# Libraries in General and Numpy in Particular

## 1. Importing Python Libraries

Part of the reason why Python is such a powerful tool for data science is that other people have written and optimized functions and wrapped them into **libraries** that we can bring into our own work.

![numpy](https://raw.githubusercontent.com/donnemartin/data-science-ipython-notebooks/master/images/numpy.png)

[NumPy](https://www.numpy.org/) is the fundamental package for scientific computing with Python. 


To use a package in your current workspace type `import` followed by the name of the library as shown below.

In [2]:
import numpy

That worked because numpy is [included with Anaconda](https://docs.anaconda.com/anaconda/packages/py3.7_osx-64/), so numpy was installed when you installed Anaconda. Other packages will need to be installed before you can use them.

Many packages have standard import aliases.

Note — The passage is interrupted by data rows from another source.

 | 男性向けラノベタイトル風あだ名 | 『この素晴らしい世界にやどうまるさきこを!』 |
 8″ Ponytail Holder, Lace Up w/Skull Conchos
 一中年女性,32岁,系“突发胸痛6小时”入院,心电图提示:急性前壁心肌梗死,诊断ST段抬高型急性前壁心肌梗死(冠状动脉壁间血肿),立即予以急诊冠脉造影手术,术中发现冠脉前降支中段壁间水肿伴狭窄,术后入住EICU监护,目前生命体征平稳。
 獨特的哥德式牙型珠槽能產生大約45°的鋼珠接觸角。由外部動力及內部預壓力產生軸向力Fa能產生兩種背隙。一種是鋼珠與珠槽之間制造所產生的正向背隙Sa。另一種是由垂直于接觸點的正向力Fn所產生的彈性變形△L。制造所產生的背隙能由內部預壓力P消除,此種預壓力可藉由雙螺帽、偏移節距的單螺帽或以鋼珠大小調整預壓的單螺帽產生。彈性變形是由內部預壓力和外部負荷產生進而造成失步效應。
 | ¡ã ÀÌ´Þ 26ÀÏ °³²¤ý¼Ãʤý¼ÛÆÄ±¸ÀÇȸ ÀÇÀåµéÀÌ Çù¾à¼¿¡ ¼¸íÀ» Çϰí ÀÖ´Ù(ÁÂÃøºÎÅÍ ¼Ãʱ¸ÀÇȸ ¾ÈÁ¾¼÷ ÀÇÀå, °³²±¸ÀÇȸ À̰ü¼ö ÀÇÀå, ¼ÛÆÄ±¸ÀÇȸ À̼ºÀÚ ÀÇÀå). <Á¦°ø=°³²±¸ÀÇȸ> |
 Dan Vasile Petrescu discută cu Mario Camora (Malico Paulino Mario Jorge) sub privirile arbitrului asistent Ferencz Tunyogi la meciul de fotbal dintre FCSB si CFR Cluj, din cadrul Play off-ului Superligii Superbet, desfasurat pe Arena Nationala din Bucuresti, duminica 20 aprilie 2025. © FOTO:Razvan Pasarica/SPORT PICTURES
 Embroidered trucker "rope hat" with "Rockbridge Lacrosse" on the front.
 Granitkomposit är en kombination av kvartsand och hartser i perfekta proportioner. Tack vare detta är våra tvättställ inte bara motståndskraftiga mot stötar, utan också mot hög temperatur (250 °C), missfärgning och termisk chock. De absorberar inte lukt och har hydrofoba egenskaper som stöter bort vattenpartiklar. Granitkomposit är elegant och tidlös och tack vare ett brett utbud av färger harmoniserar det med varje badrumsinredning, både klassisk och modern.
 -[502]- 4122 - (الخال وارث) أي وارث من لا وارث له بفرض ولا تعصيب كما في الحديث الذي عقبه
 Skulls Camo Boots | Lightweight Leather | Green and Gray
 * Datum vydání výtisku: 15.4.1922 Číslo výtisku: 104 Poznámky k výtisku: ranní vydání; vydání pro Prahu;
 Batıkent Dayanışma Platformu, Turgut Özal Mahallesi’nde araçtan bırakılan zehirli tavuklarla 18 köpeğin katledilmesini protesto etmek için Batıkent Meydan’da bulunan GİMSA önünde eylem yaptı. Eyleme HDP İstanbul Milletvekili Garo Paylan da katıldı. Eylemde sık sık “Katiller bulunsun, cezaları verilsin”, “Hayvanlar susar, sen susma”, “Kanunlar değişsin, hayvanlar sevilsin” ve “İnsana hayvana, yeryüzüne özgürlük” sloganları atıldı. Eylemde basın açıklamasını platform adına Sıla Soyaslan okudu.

We effect this aliasing by using the Python keyword `as`. For numpy, the standard alias is `np`.

In [3]:
import numpy as np

x = np.array([1,2,3])
print(x)
type(x)

[1 2 3]


numpy.ndarray

Of course we could use any alias we like, including Python keywords! But if we did this, we'd overwrite the meaning of those keywords.

## 2. NumPy versus base Python

Now that we know libraries exist, why do we want to use them? Let us examine a comparison between base Python and Numpy.

Python has lists and normal python can do basic math. NumPy, however, has the helpful objects called arrays.

Numpy has a few advantages over base Python which we will look at.

In [4]:
names_list = ['Bob', 'John', 'Sally']

#use numpy.array for numbers and numpy.char.array for strings

names_array = numpy.char.array(['Bob','John','Sally'])

print(names_list)
print(names_array)

['Bob', 'John', 'Sally']
['Bob' 'John' 'Sally']


In [5]:
# Make a list and an array of three numbers

#your code here
numbers_list =
numbers_array =

SyntaxError: invalid syntax (<ipython-input-5-15ae7e855c91>, line 4)

In [6]:
# multiply your array by 3



In [7]:
# multiply your list by 3



Numpy arrays support the _div_ operator while python lists do not. There are other things that make it useful to utilize numpy over base python for evaluating data.

Below, you will find a piece of code we will use to compare the speed of operations on a list and operations on an array.

In [8]:
size_of_vec = 1000

X = range(size_of_vec)
Y = range(size_of_vec)

In [9]:
%timeit [X[i] + Y[i] for i in range(len(X))]

318 µs ± 4.07 µs per loop (mean ± std. dev. of 7 runs, 1000 loops each)


In [10]:
X = np.arange(size_of_vec)
Y = np.arange(size_of_vec)

In [11]:
%timeit X + Y

973 ns ± 19.1 ns per loop (mean ± std. dev. of 7 runs, 1000000 loops each)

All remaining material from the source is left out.